American Exceptionalism on a Sunday Afternoon

American Exceptionalism on a Sunday Afternoon June 11, 2014

Robert Ellis is not a Marxist. But he finds “food for thought” in some Marxist critiques of the sport-industrial-imperial complex (Games People Play, 44-5). Sports reflects society, he observes, and some have pointed out the way American football is a mirror of the “clock-factory workforce.” Marxist’s push the point further:

He cites Peter Donnelly’s analysis: “Sport socialised individuals into work discipline, hyper-competitiveness and assertive individualism. In other words sport not only reflected capitalist society, but also helped to reproduce it, to reproduce dominant social and cultural relations in society as a whole.” And he cites Jean-Marie Brohm’s observation that in the early professionalization of sports in the late nineteenth century “Sport was directly linked to the interests of imperialist capital” and in fact provided cover for “imperialist international organisations.” More generally, Brohm claims that the function of sports is to “justify the established order,” a function especially evident in totalitarian countries where, in Ellis’s words, “sport becomes part of the mechanism of oppression.” But the same is evident in capitalist sport that “treats the athlete’s body as a machine, as if it were a factory component.”

Capitalist sports takes a particular form in the US. Ellis spends a section of a chapter probing what makes American sports American.

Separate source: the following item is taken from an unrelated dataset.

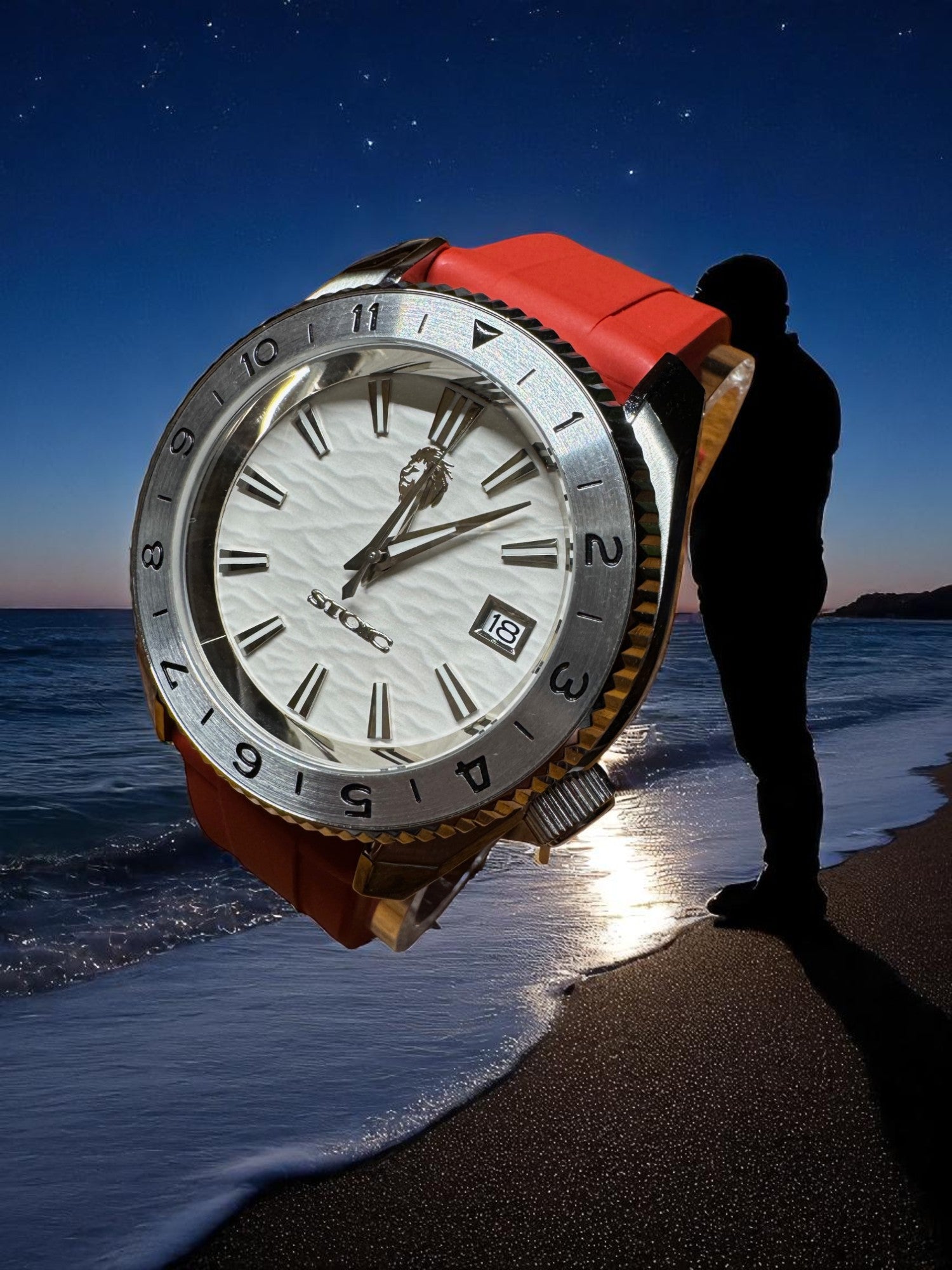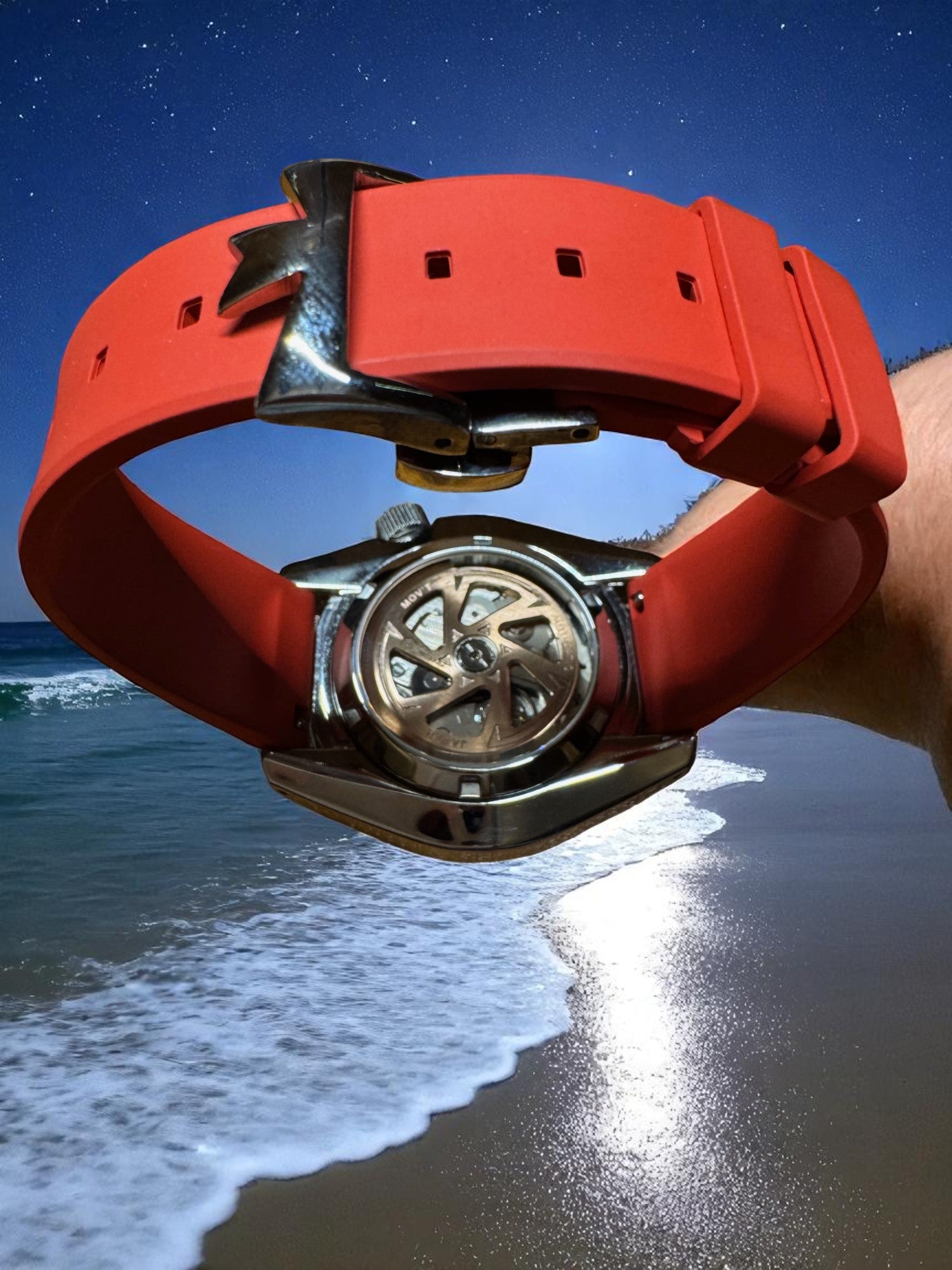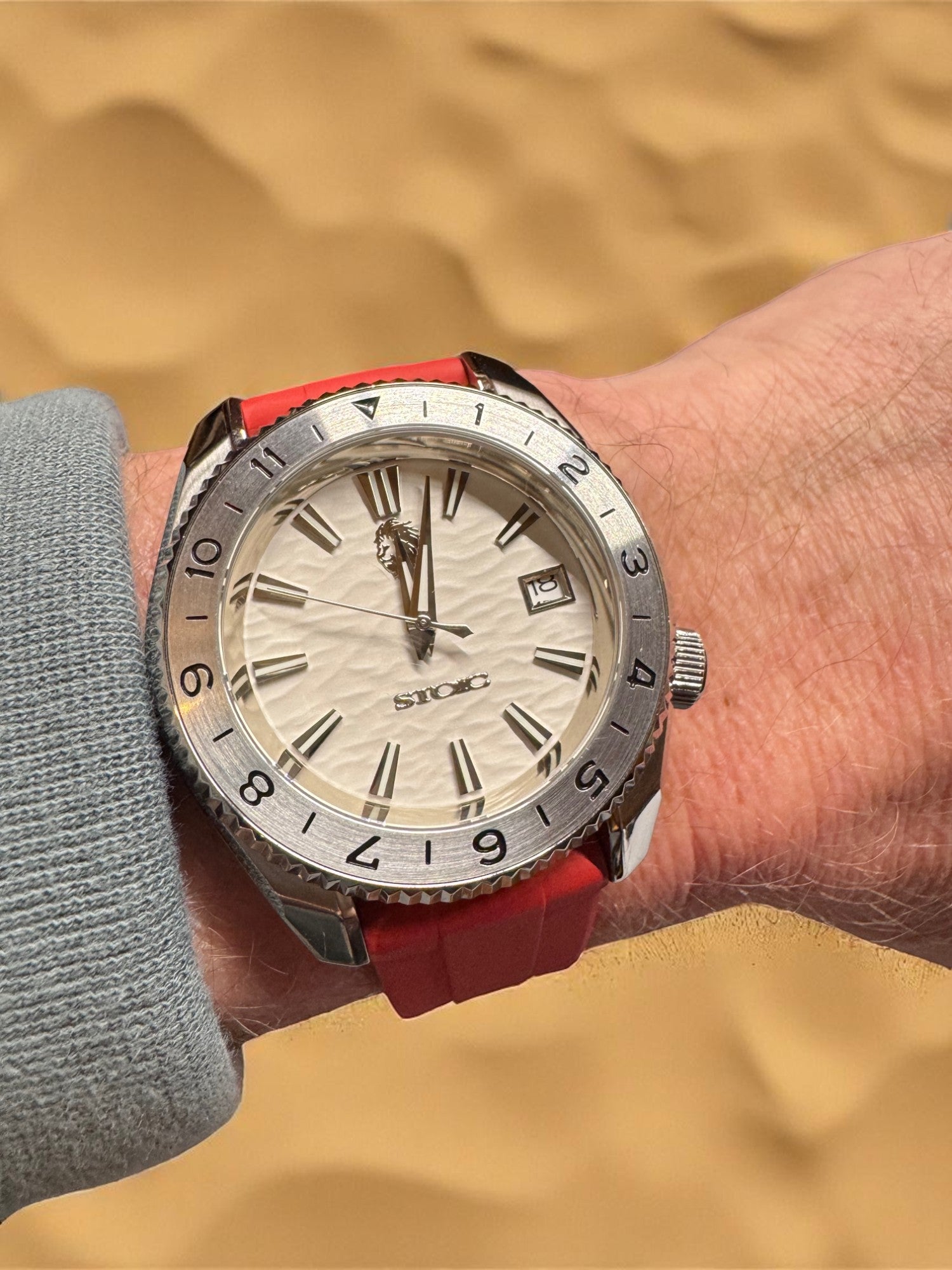 Its textured glacier-white dial evokes the quiet clarity of dawn, framed by a brushed 12-hour bezel for practical, refined tracking. Roman indices offer a classical anchor, while the crimson rubber strap delivers a jolt of restrained vitality—symbolic of the Stoic’s ability to act with intention, not impulse.

One obvious factor is that Americans specialize in sports that, until recently, virtually no one else plays – baseball, basketball, American football. This is partly a question of timing. If American had been the global superpower in the late 19th century that Britain was, baseball and basketball might well be as globalized as soccer. 

Ellis convincingly argues, though that there’s more to it. American sports are exceptional because they reinforce in a particularly powerful way the dominant ethos of America. Sports, in short, function like a civil religion: “American elites sport is very self-consciously American, both in terms of its origin and its relatively self-enclosed playing context, and only in America are domestic fixtures always prefaced by the national anthem and accompanies by a national flag. . . . America might be said to be, if not an absolute exception, an extreme example of the entanglement of nationalism, identity, religion, and sport” (107). Just think of the display of military power (jets flying overhead), national devotion (national anthem) and sports that one sees every January at the Super Bowl, that highest of the high holy days of the American civil-sport-religion.